TASK DESCRIPTION: The answer should be every line below, repeated exactly, with the images left out.

RECORDED INFORMATION:

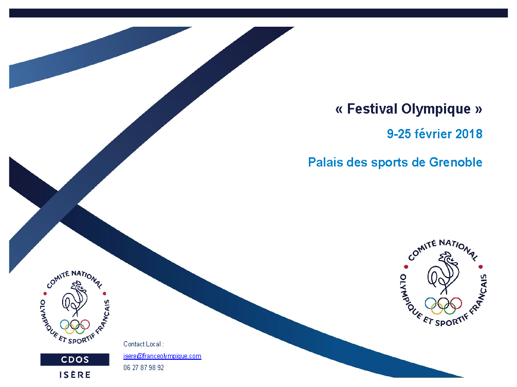 Vous trouverez ci-contre l'invitation-programme. Nous comptons sur vous pour informer, communiquer et mobiliser, vos amis, les clubs et athlètes de votre discipline, qu’elle soit Olympique ou non, d’hiver ou d’été, constituer des équipes de supporters, suggérer aux clubs d’intégrer dans le planning de leurs stages jeunes des visites au Festival Olympique. Toutes les animations sont gratuites.
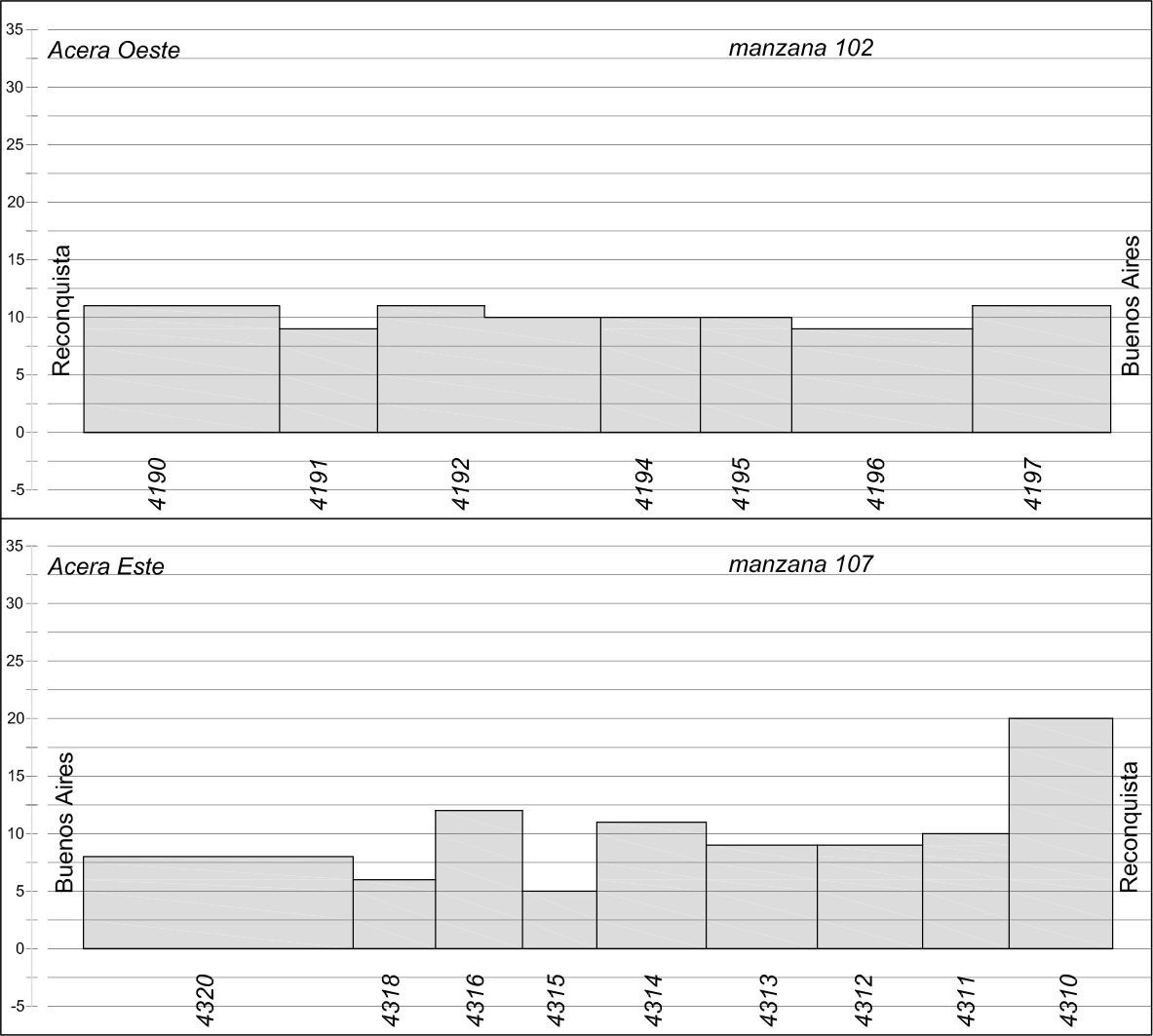 | 5.2 Valoración: | Tramo en el que se destaca el sector hacia Buenos Aires, acera oeste, homogéneo en alturas e integrado por edifcios con valores arquitectónicos, que a pesar de sus diferencias estilísticas se relacionan correctamente y otorgan calidad al entorno. |
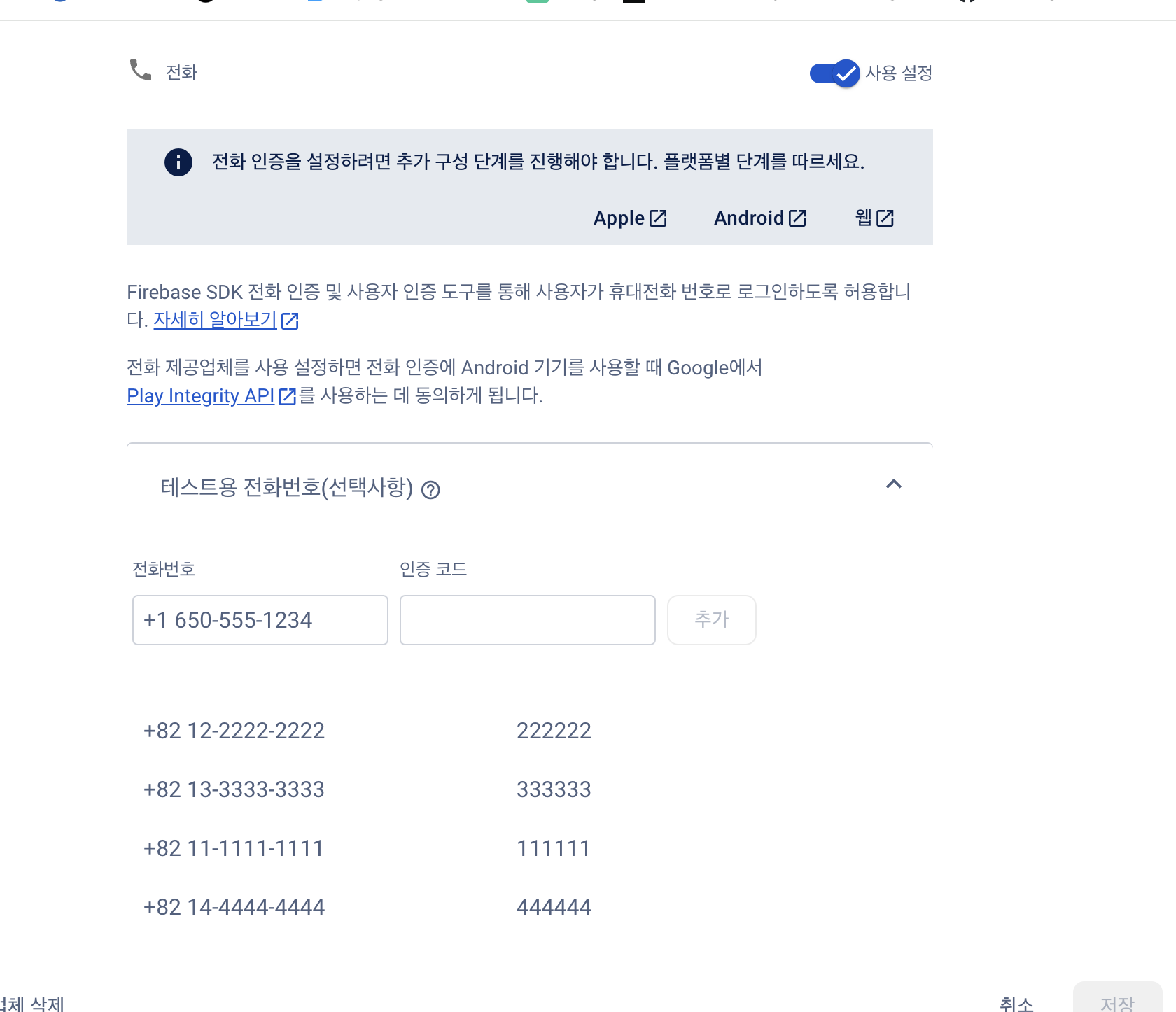 이렇게 테스트 전화번호를 설정하실 수 있습니다.

RESPONSE TO THIS EXERCISE:
 Vous trouverez ci-contre l'invitation-programme. Nous comptons sur vous pour informer, communiquer et mobiliser, vos amis, les clubs et athlètes de votre discipline, qu’elle soit Olympique ou non, d’hiver ou d’été, constituer des équipes de supporters, suggérer aux clubs d’intégrer dans le planning de leurs stages jeunes des visites au Festival Olympique. Toutes les animations sont gratuites.
 | 5.2 Valoración: | Tramo en el que se destaca el sector hacia Buenos Aires, acera oeste, homogéneo en alturas e integrado por edifcios con valores arquitectónicos, que a pesar de sus diferencias estilísticas se relacionan correctamente y otorgan calidad al entorno. |
 이렇게 테스트 전화번호를 설정하실 수 있습니다.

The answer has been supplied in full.